I find myself wryly amused by the idea that lambda functions are anything new. I can't really see the difference between them and a stateless EJB in the JavaEE world. They are packaged and accessed differently, and there's a different cost model associated with them, but at a high level, it's just a piece of business functionality exposed for access somewhere on the network.

As for the book, well, it seems like a good but limited basic introduction to the AWS Lambda service. There seems to be an irony fail when the author explains that the benefit of serverless is that the developer doesn't have to worry about infrastructure, then immediately goes on to pebbledash the pages with reams of CloudFormation scripts (which, erm, provision and configure the infrastructure).

Another weak point, for me at least, is that code examples are limited to JavaScript and Python. These are clear and for the most part comprehensible even though I'm only moderately familiar with the former and not at all with the latter, but it would have been nice to have a Java example here or there. Given there are concerns about things like JVM startup time, and that Java servlets were a solution to the slow startup of CGI scripts in the early years of the web, it would be useful to have seen a discussion about whether this is a problem and either how to address it, or to explain how it's been overcome.

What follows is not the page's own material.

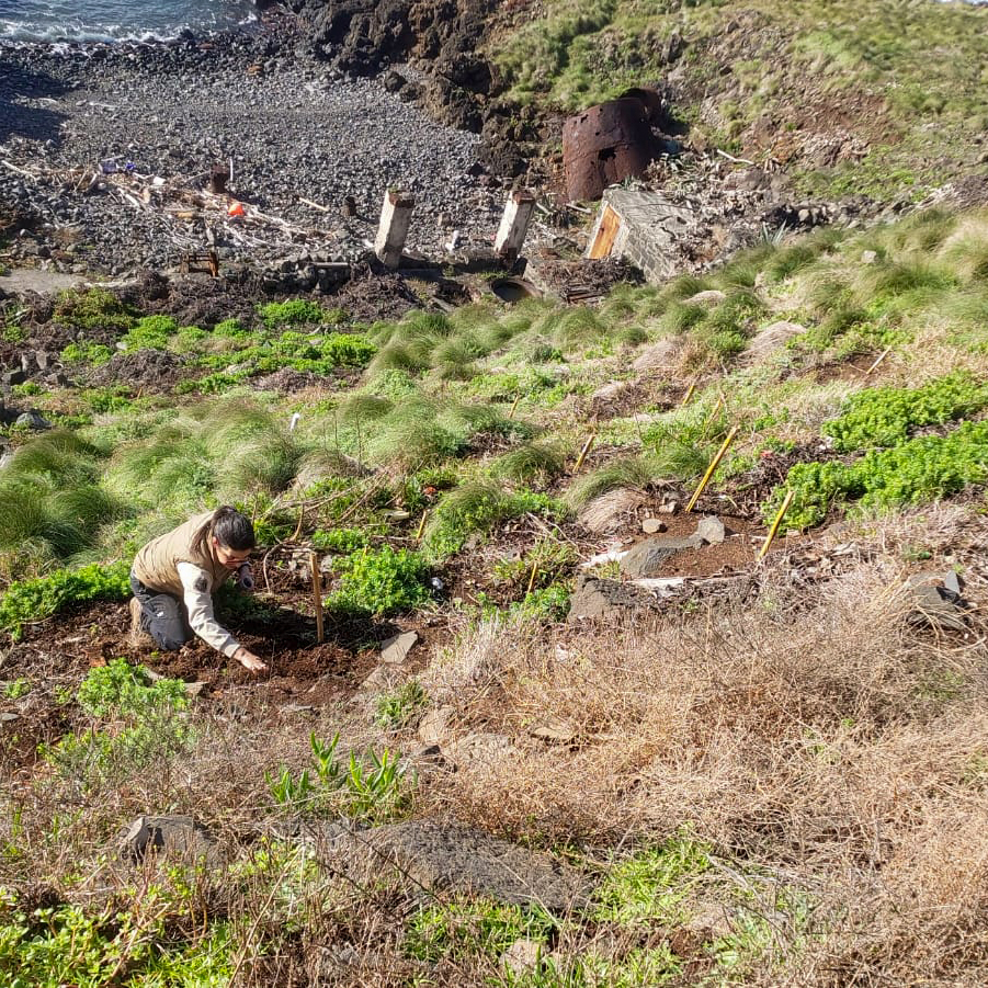 In the Ponta do Castelo intervention area, one of LIFE IP AZORES NATURA’s areas of operation on the island of Santa Maria, direct sowing of native and endemic species was carried out. This work took place in areas where invasive species had been removed, aiming to protect the areas most susceptible to erosion and promote the propagation of the project’s target species.

The examples in the book focus partly on authentication services, and partly on an image-sharing application, with integration points between the two. It's a good and realistic choice of applications, but the experience is a bit disjointed - perhaps that's inherent in the nature of Lambdas and would more positively be expressed as "decoupled". In the later sections on management of secrets I found it hard to swallow the example using hard-coded but encrypted passwords. Although I got the idea that AWS permissions would enable the code to decrypt the password at run-time, I still didn't like the idea that it could be hard-coded into the application. When you need to change that, it should be simple and quick to do so. Even just holding the encrypted data in a protected file on S3 would have made more sense with little additional complexity in the code. In the final sections, the book talks about receiving events from a MongoDB feed, but shies away from actually going into any detail, which leaves the reader a bit deflated.

On the plus side, there is quite a lot of discussion about how Lambdas can be used in conjunction with other AWS services, and this seems quite clear and sensible, although at the cost for the developer of encouraging vendor tie-in. The discussion on Lambda pricing and its consequences is also useful, though obviously subject to change. Overall, I did find this book useful, but not compelling.